A special report in Reuters today (.pdf) documents the extensive ties three leading Iraqi Shiite militias—Asaib Ahl al-Haq, the Badr Brigades, and Kataib Hezbollah—have with Iran. Reuters describe the militias as being “instrumental” in the fight against the Islamic State of Iraq and Syria (ISIS). Aside from bordering Iraq, “Iran’s population is overwhelmingly Shi’ite, as are the majority of Iraqis.”
The Reuters report prominently details the battle over the Iraqi city of Amerli this past summer.
One of the biggest rallying points in recent months was Amerli, an Iraqi town of some 15,000 Shi’ites, which was besieged by IS for two months. Most residents there are Turkmen, not Arabs, but that did not change the symbolism of the conflict for Shi’ites. Graffiti sprayed outside the town in August read “Amerli is the Karbala of the age” – a reference to a seventh century battle that is a defining moment for Shi’ites.
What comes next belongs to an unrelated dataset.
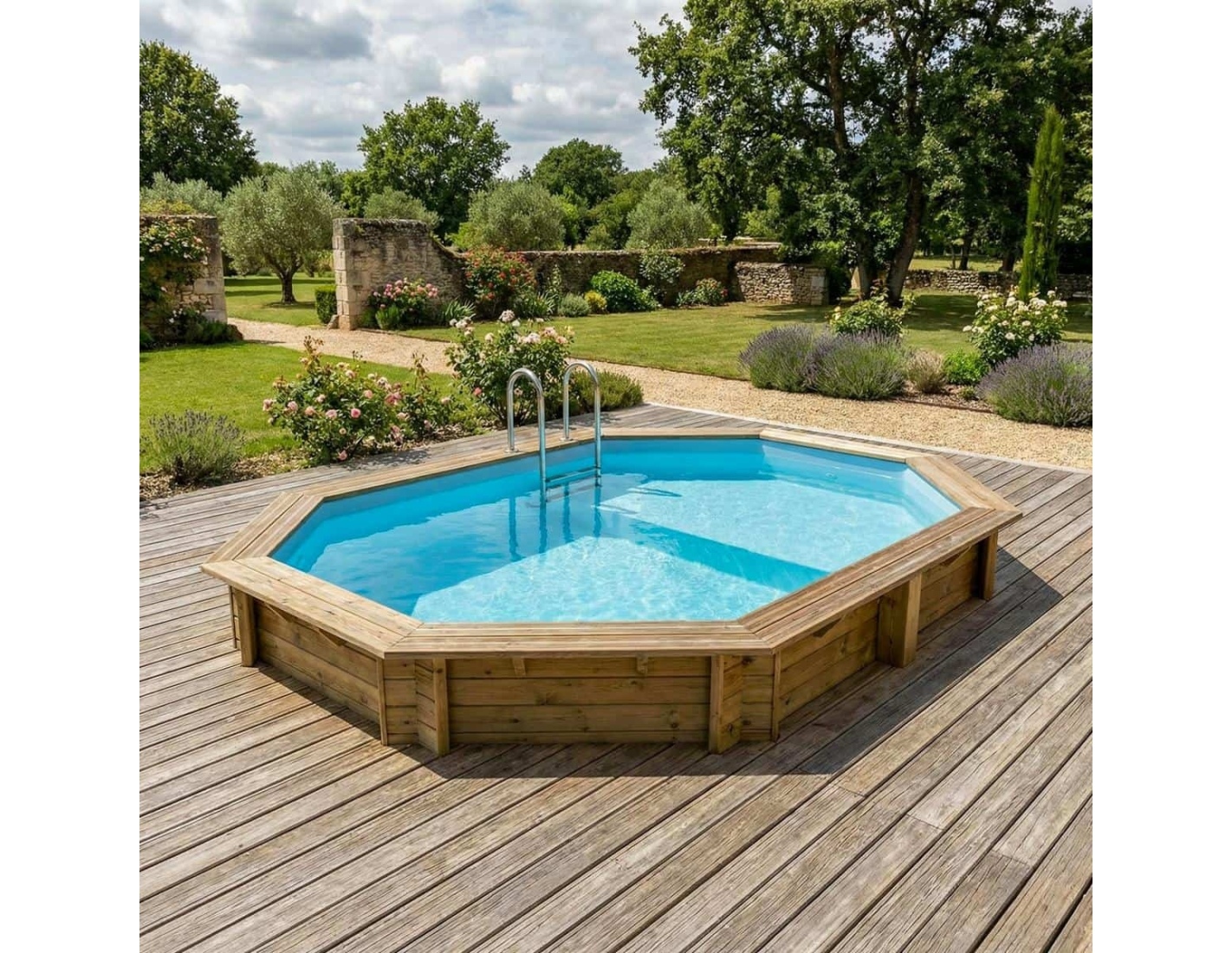 Le bois apporte à l’environnement une touche élégante et chaleureuse, et son aspect classique permet à la piscine de s’intégrer harmonieusement dans tout type de jardin. Vous pouvez ajouter des terrasses en bois, des plantes ou un éclairage décoratif afin de créer une atmosphère véritablement conviviale.

Iran helped train Kataib fighters in the use of AK-47 assault rifles, heavy machine guns, mortars, rockets and IEDs, according to Abu Abdullah, the Kataib commander. Kataib fighters also used a camera-equipped drone to gather information on IS positions. A Reuters reporter met two men who spoke Farsi, the language of Iran, accompanying Asaib fighters during the battle. A third man said he had come from Iran to train police. …
The importance of the battle for Iran was underscored when photographs and videos surfaced on the Internet that allegedly showed Revolutionary Guard commander [Qassem] Soleimani in the town.
Reuters quotes an Iraqi official who describes Soleimani as “an operational leader” who “goes to the front to inspect the troops and see the fighting.” According to the official, Soleimani reports directly to Iran’s Supreme Leader Ayatollah Ali Khamenei, so when “[h]e needs money, gets money. Needs munitions, gets munitions. Needs materiel, gets materiel.”
Soleimani, the commander of Iran’s Islamic Revolutionary Guard Corps, has previously been credited with coordinating “between Iran and pro-Assad forces” and last year was said to be “the main political force in Syria.”
The Reuters report also observes that Iran models its interactions with the Iraqi Shiite militias on the way it interacts with Hezbollah in Lebanon, where the group operates “as both a military outfit and political party,” and “has grown to become the most powerful force in Lebanon.”
Hezbollah’s domination of Lebanese politics, including preventing the selection of a new president, has recently earned the Iranian-backed terror organization criticism for working against Lebanon’s national interests.
Similarly, last week the Arab media reported that Iran had created a “new Hezbollah” in Syria, uniting Shiite militias there to fight alongside the army of President Bashar al-Assad.
The Shi’ite militias, according to Reuters, “have certainly fuelled sectarian violence.” Recent reports have called them “just as brutal” as ISIS.
Sami al-Askari, a one-time adviser to former Iraqi Prime Minister Nuri al-Maliki, told Reuters, “The American approach is to leave Iraq to the Iraqis. The Iranians don’t say leave Iraq to the Iraqis. They say leave Iraq to us.”